**Task goal:** The answer must be an exact copy of the records, with no pictures in it.
====== Records for the task
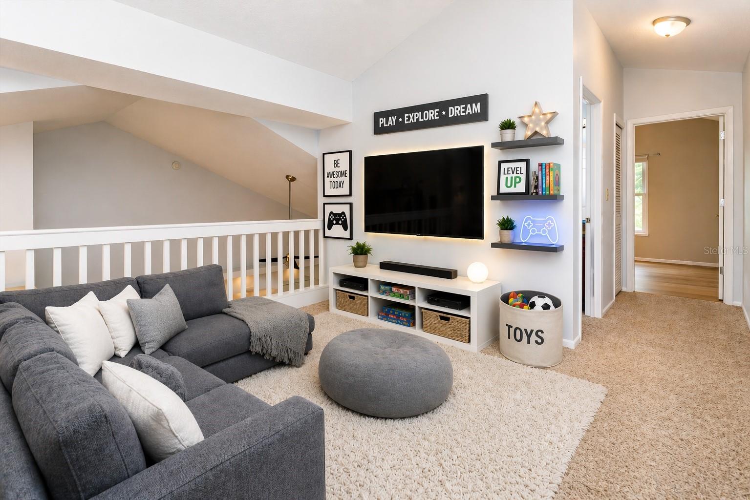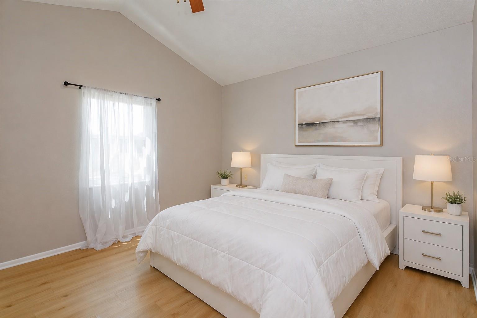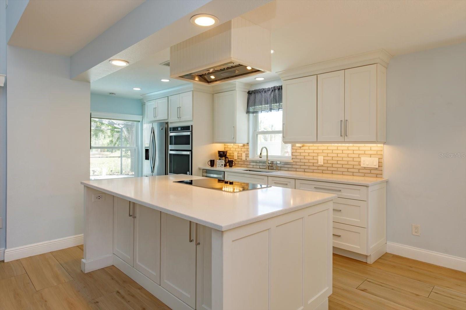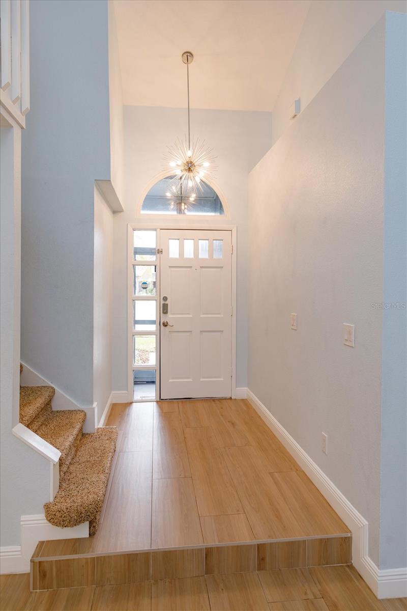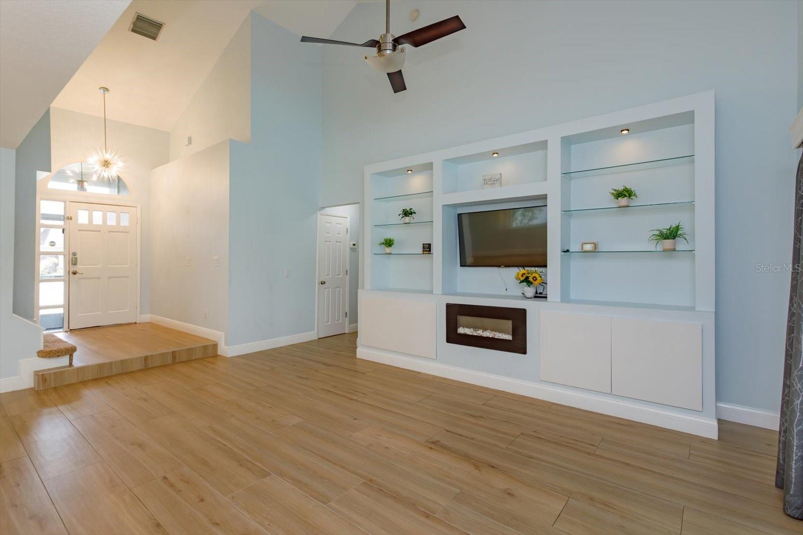 One or more photo(s) has been virtually staged. YOUR OWN BACKYARD OASIS! Beautifully updated and renovated Lake Mary home with water views on a cul-de-sac! Move-in ready home featuring a screen enclosed solar heated SALTWATER POOL with color changing pool light and a built-in cleaning system. Outdoor living is elevated with an expansive PAVER PATIO including fire pit, outdoor kitchen, prewire for hot tub, dog friendly PUTTING GREEN and lush landscaping with outdoor lighting. SERENE WATER VIEWS create an unforgettable setting! The completely RENOVATED KITCHEN offers 42 inch cabinetry with soft close drawers, QUARTZ COUNTERS, designer backsplash, stainless steel appliances including induction cooktop and built in oven. The open floor plan showcases wood-look tile flooring, a built-in entertainment center with electric FIREPLACE and designer finishes. Downstairs primary suite includes vaulted ceilings, custom walk-in closet, and a luxurious bath with dual vanities, soaking tub, walk-in shower plus direct pool access. Upstairs LOFT plus 2 freshly painted bedrooms with laminate wood flooring. Flexible layout features private downstairs office with closet/4th bedroom. Major updates include Roof (2022), A/C (2023), DOUBLE PANE WINDOWS AND SLIDERS with hurricane-impact (2018), and exterior paint (2020). Additional features include water softener, paver driveway, and outdoor shower. Great Lake Mary location near top-rated schools, Seminole Trail, shopping, and dining. READY TO MOVE IN NOW!
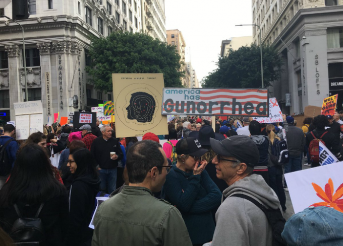 La mayor concentración tuvo lugar en calles del centro de Los Ángeles, donde, según estimaciones de la policía, en las primeras horas había ya unos 40 mil manifestantes, mientras los organizadores pronosticaban una asistencia de unas 200 mil personas.
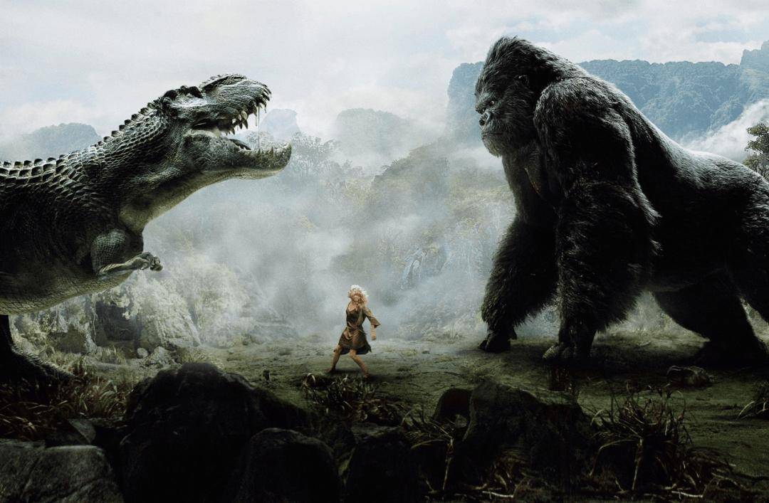 《金刚》(2005)中出现了霸王龙、巨型陆鳄、巨型昆虫等怪兽,统统不敌金刚
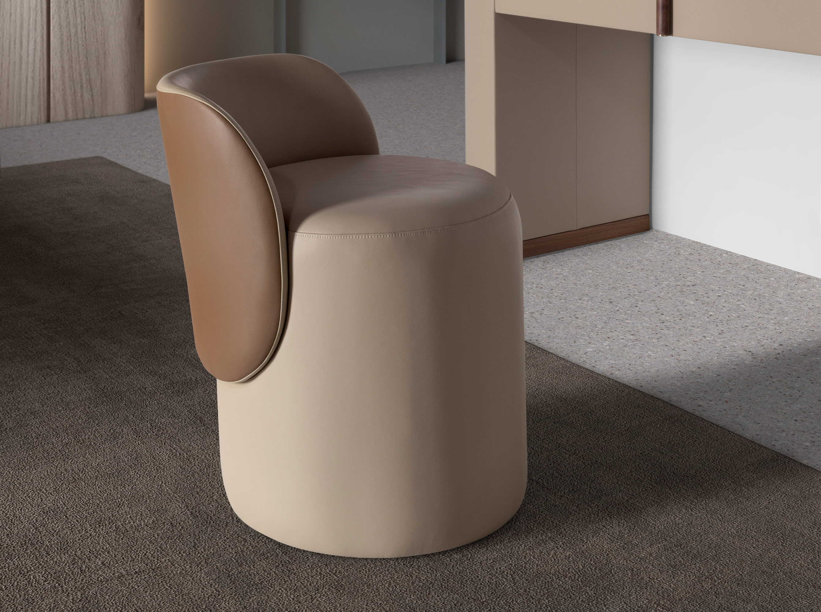 – Su superficie tapizada en polipiel de alta calidad combina elegancia y durabilidad, aportando un tacto suave y un estilo refinado ideal para espacios de trabajo con carácter contemporáneo.
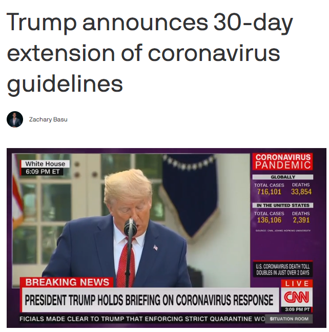 特朗普在周日的记者会上拒绝称复活节最后期限是一个“错误”,声称这“只是一个愿望”。特朗普在记者会上一再强调,两周内会达到美国疫情爆发的拐点。因此,特朗普政府将把指导方针延长到4月30日,以减缓传播速度。
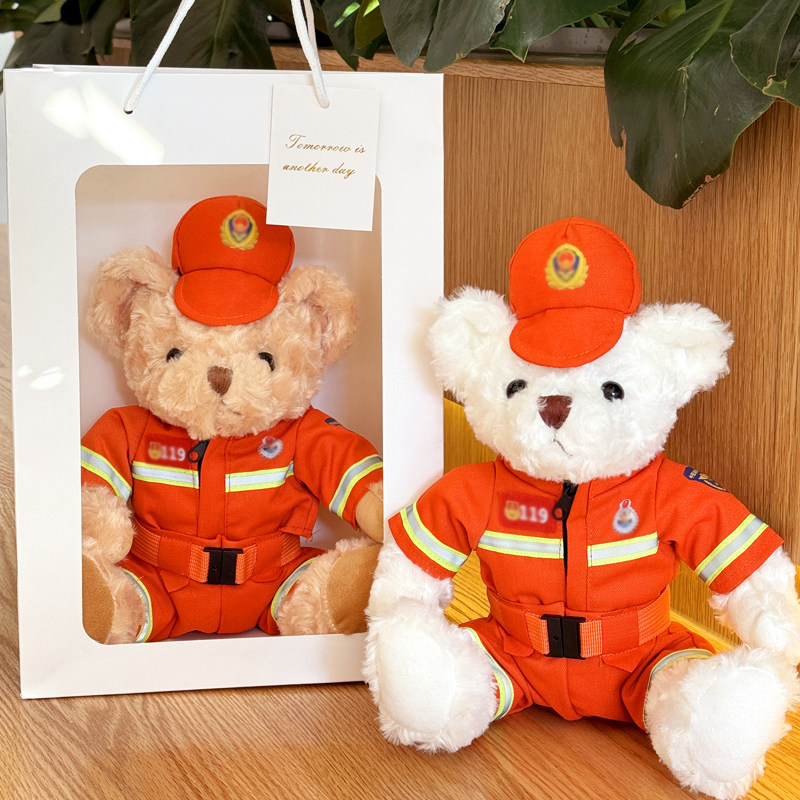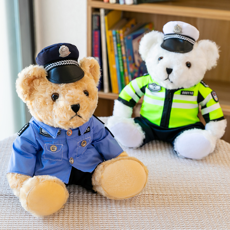 📚 网红警察小熊铁骑毛绒玩具交警熊玩偶消防警熊警官送女友生日礼物
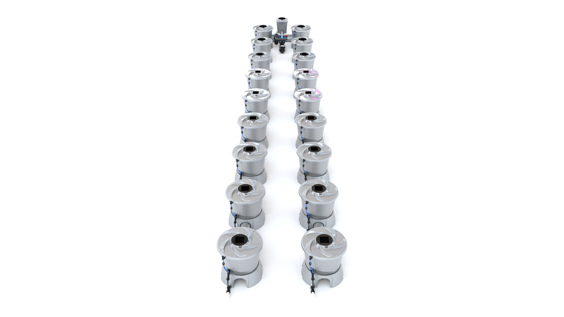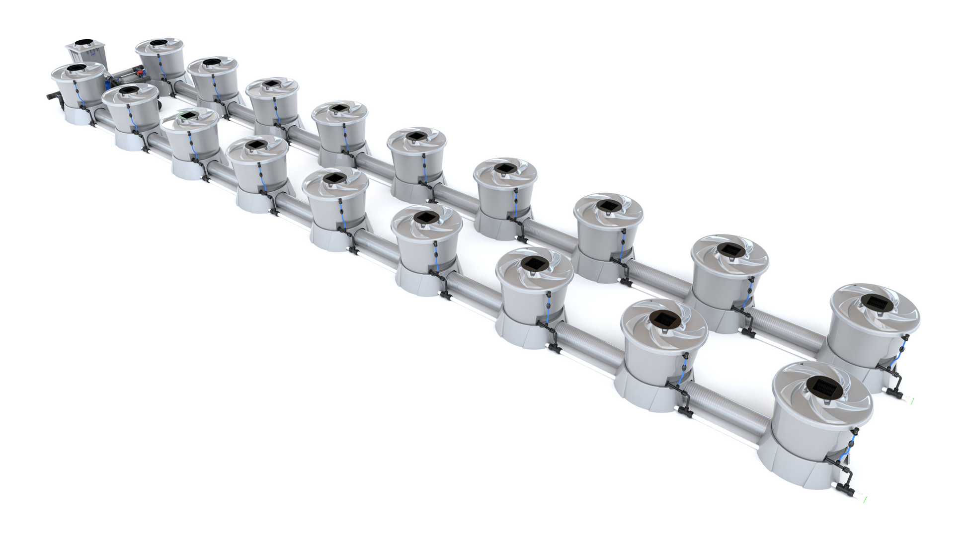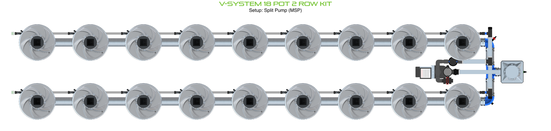 The ALIEN V-SYSTEM 18 Pot 2 Row Kit has 4 layout options for header and pump placement to best fit your grow area. The header and pump can be placed outside a grow tent / room, or made as compact as possible. Easy to configure and assemble with advanced features and setup options, grow 18 plants to perfection in the ultimate recirculating deep water culture with this ALIEN V-SYSTEM Kit!
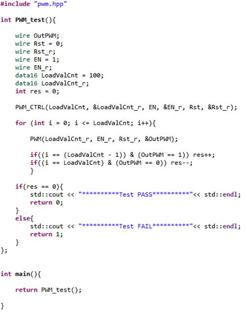 Нам необходимо проверить, что при достижении счетчиком значения, равного заданному (LoadValCnt), выход изменит значение с «1» на «0». Для этого зададим значения с помощью PWM_CTRL и вызовем наш счетчик (LoadValCnt + 1) раз. Переменная res увеличивается на 1, если выход ШИМ равен «1», и значение счетчика на следующей итерации должно стать равным значению LoadValCnt. При достижении значения LoadValCnt выход должен быть равен «0», а переменная res уменьшится на 1. Если что-то будет не так, то res не будет равна нулю. После написания это выглядит так: Рисунок 14.
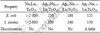 Table 3 Antibacterial activity and light permanency of Na2La2Ti3O10 and AgxNa2-xLa2Ti3O10 (MIC/(mg?L-1))
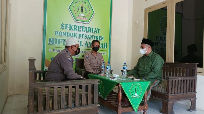 Banjar, mediaotonomiindonesia.com – Guna menjalin silaturahmi dengan tokoh agama, Sat. Binmas lakukan kegiatan silaturahmi dan koordinasi dengan Pengurus Forum Pondok Pesantren Kota Banjar, KH Ma’mun Sidiq bertempat di Pondok Pesantren Miftahul Amanah Jln Brigjen M. Isa Cipadung Purwaharja, Senin (14/3/2022).
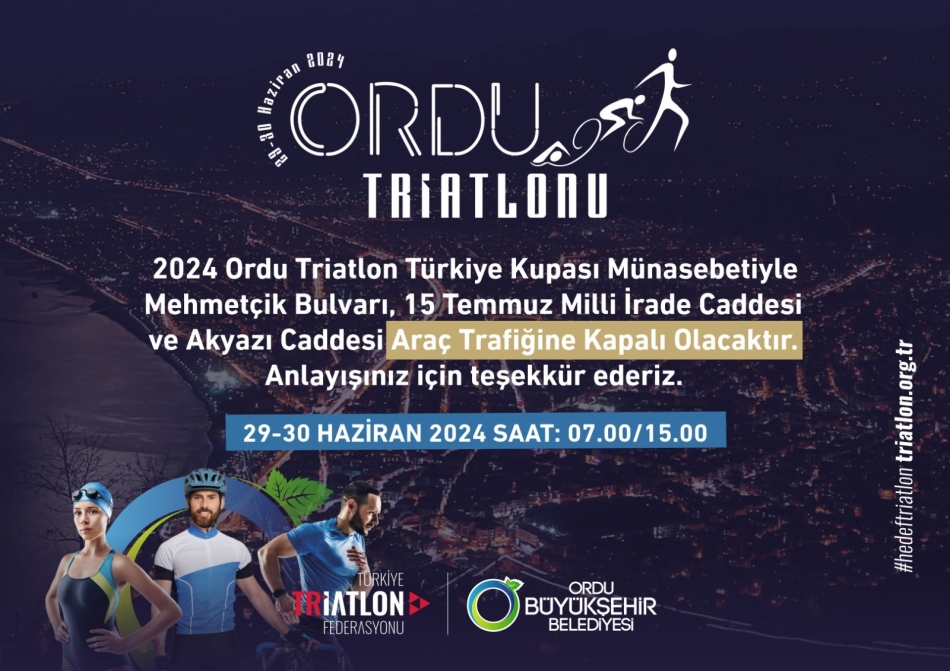 Türkiye Triatlon Federasyonu iş birliğinde gerçekleştirilen, Triatlon sporunun Ordu’da ve ülke genelinde geniş kitlelere ulaşmasını amaçlayan ve bu kapsamda 4 yıldır düzenlediği organizasyonlarla triatletleri şehirde ağırlayan Büyükşehir Belediyesi, “2024 Ordu Triatlon Türkiye Kupası” yarışlarına ev sahipliği yapacak.
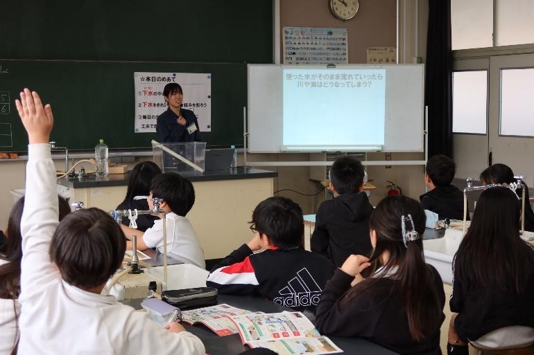 授業の中でいろいろな場所から流れ、集まってくる生活用水がそのまま川に流れこんでいる写真を見て、下水処理施設の大切さに気付き、自分たちにはどんな工夫ができるか考えることができました。今日の学びを今後の生活に活かしてほしいと思います。
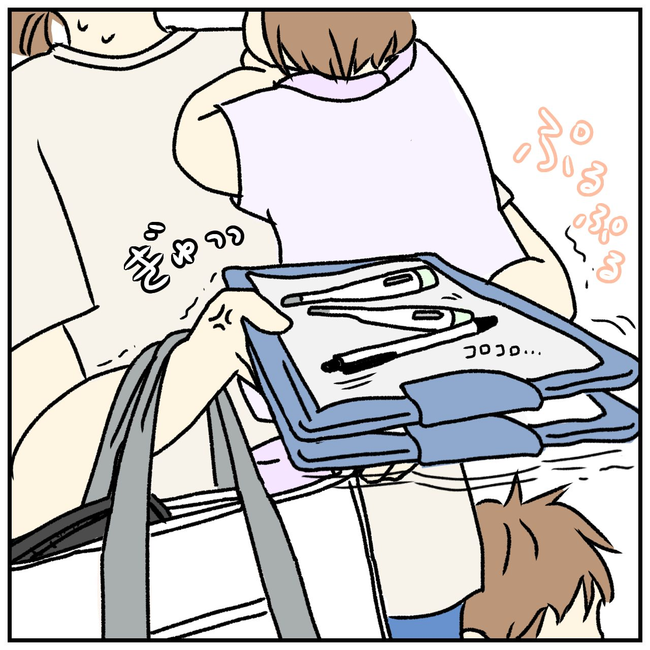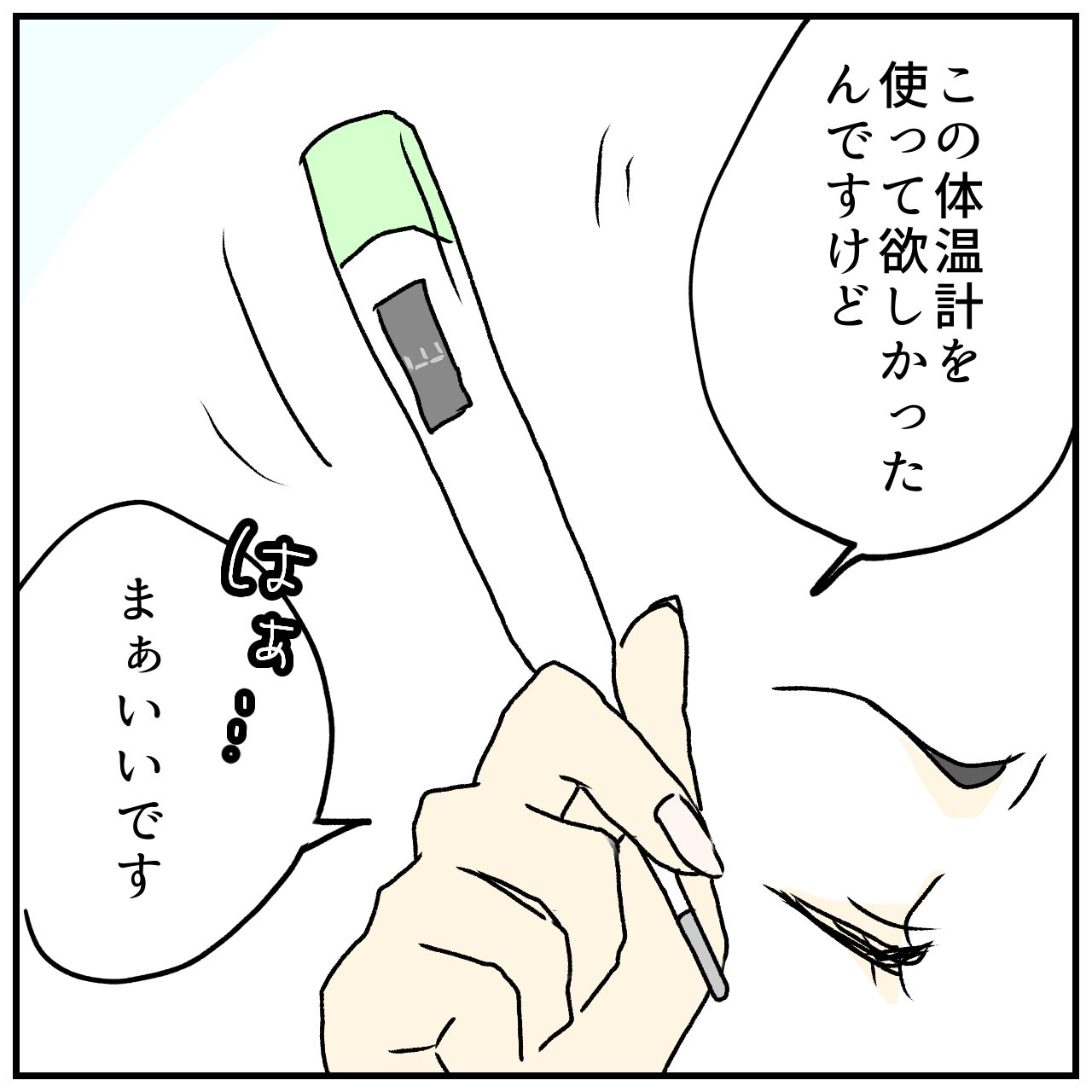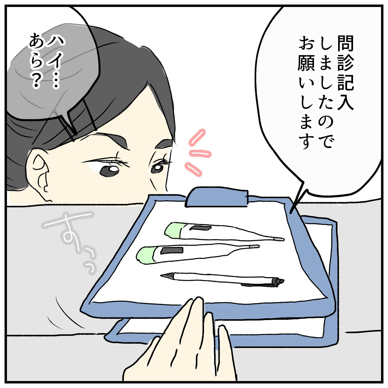 どうにか座って2人分の問診票を書けるようになったぴんさんですが、受付の人にもらった体温計では、子どもたちの熱が上手く測れませんでした。そこで、持参した体温計を使いましたが……。
============
**Expected output:**
 One or more photo(s) has been virtually staged. YOUR OWN BACKYARD OASIS! Beautifully updated and renovated Lake Mary home with water views on a cul-de-sac! Move-in ready home featuring a screen enclosed solar heated SALTWATER POOL with color changing pool light and a built-in cleaning system. Outdoor living is elevated with an expansive PAVER PATIO including fire pit, outdoor kitchen, prewire for hot tub, dog friendly PUTTING GREEN and lush landscaping with outdoor lighting. SERENE WATER VIEWS create an unforgettable setting! The completely RENOVATED KITCHEN offers 42 inch cabinetry with soft close drawers, QUARTZ COUNTERS, designer backsplash, stainless steel appliances including induction cooktop and built in oven. The open floor plan showcases wood-look tile flooring, a built-in entertainment center with electric FIREPLACE and designer finishes. Downstairs primary suite includes vaulted ceilings, custom walk-in closet, and a luxurious bath with dual vanities, soaking tub, walk-in shower plus direct pool access. Upstairs LOFT plus 2 freshly painted bedrooms with laminate wood flooring. Flexible layout features private downstairs office with closet/4th bedroom. Major updates include Roof (2022), A/C (2023), DOUBLE PANE WINDOWS AND SLIDERS with hurricane-impact (2018), and exterior paint (2020). Additional features include water softener, paver driveway, and outdoor shower. Great Lake Mary location near top-rated schools, Seminole Trail, shopping, and dining. READY TO MOVE IN NOW!
 La mayor concentración tuvo lugar en calles del centro de Los Ángeles, donde, según estimaciones de la policía, en las primeras horas había ya unos 40 mil manifestantes, mientras los organizadores pronosticaban una asistencia de unas 200 mil personas.
 《金刚》(2005)中出现了霸王龙、巨型陆鳄、巨型昆虫等怪兽,统统不敌金刚
 – Su superficie tapizada en polipiel de alta calidad combina elegancia y durabilidad, aportando un tacto suave y un estilo refinado ideal para espacios de trabajo con carácter contemporáneo.
 特朗普在周日的记者会上拒绝称复活节最后期限是一个“错误”,声称这“只是一个愿望”。特朗普在记者会上一再强调,两周内会达到美国疫情爆发的拐点。因此,特朗普政府将把指导方针延长到4月30日,以减缓传播速度。
 📚 网红警察小熊铁骑毛绒玩具交警熊玩偶消防警熊警官送女友生日礼物
 The ALIEN V-SYSTEM 18 Pot 2 Row Kit has 4 layout options for header and pump placement to best fit your grow area. The header and pump can be placed outside a grow tent / room, or made as compact as possible. Easy to configure and assemble with advanced features and setup options, grow 18 plants to perfection in the ultimate recirculating deep water culture with this ALIEN V-SYSTEM Kit!
 Нам необходимо проверить, что при достижении счетчиком значения, равного заданному (LoadValCnt), выход изменит значение с «1» на «0». Для этого зададим значения с помощью PWM_CTRL и вызовем наш счетчик (LoadValCnt + 1) раз. Переменная res увеличивается на 1, если выход ШИМ равен «1», и значение счетчика на следующей итерации должно стать равным значению LoadValCnt. При достижении значения LoadValCnt выход должен быть равен «0», а переменная res уменьшится на 1. Если что-то будет не так, то res не будет равна нулю. После написания это выглядит так: Рисунок 14.
 Table 3 Antibacterial activity and light permanency of Na2La2Ti3O10 and AgxNa2-xLa2Ti3O10 (MIC/(mg?L-1))
 Banjar, mediaotonomiindonesia.com – Guna menjalin silaturahmi dengan tokoh agama, Sat. Binmas lakukan kegiatan silaturahmi dan koordinasi dengan Pengurus Forum Pondok Pesantren Kota Banjar, KH Ma’mun Sidiq bertempat di Pondok Pesantren Miftahul Amanah Jln Brigjen M. Isa Cipadung Purwaharja, Senin (14/3/2022).
 Türkiye Triatlon Federasyonu iş birliğinde gerçekleştirilen, Triatlon sporunun Ordu’da ve ülke genelinde geniş kitlelere ulaşmasını amaçlayan ve bu kapsamda 4 yıldır düzenlediği organizasyonlarla triatletleri şehirde ağırlayan Büyükşehir Belediyesi, “2024 Ordu Triatlon Türkiye Kupası” yarışlarına ev sahipliği yapacak.
 授業の中でいろいろな場所から流れ、集まってくる生活用水がそのまま川に流れこんでいる写真を見て、下水処理施設の大切さに気付き、自分たちにはどんな工夫ができるか考えることができました。今日の学びを今後の生活に活かしてほしいと思います。
 どうにか座って2人分の問診票を書けるようになったぴんさんですが、受付の人にもらった体温計では、子どもたちの熱が上手く測れませんでした。そこで、持参した体温計を使いましたが……。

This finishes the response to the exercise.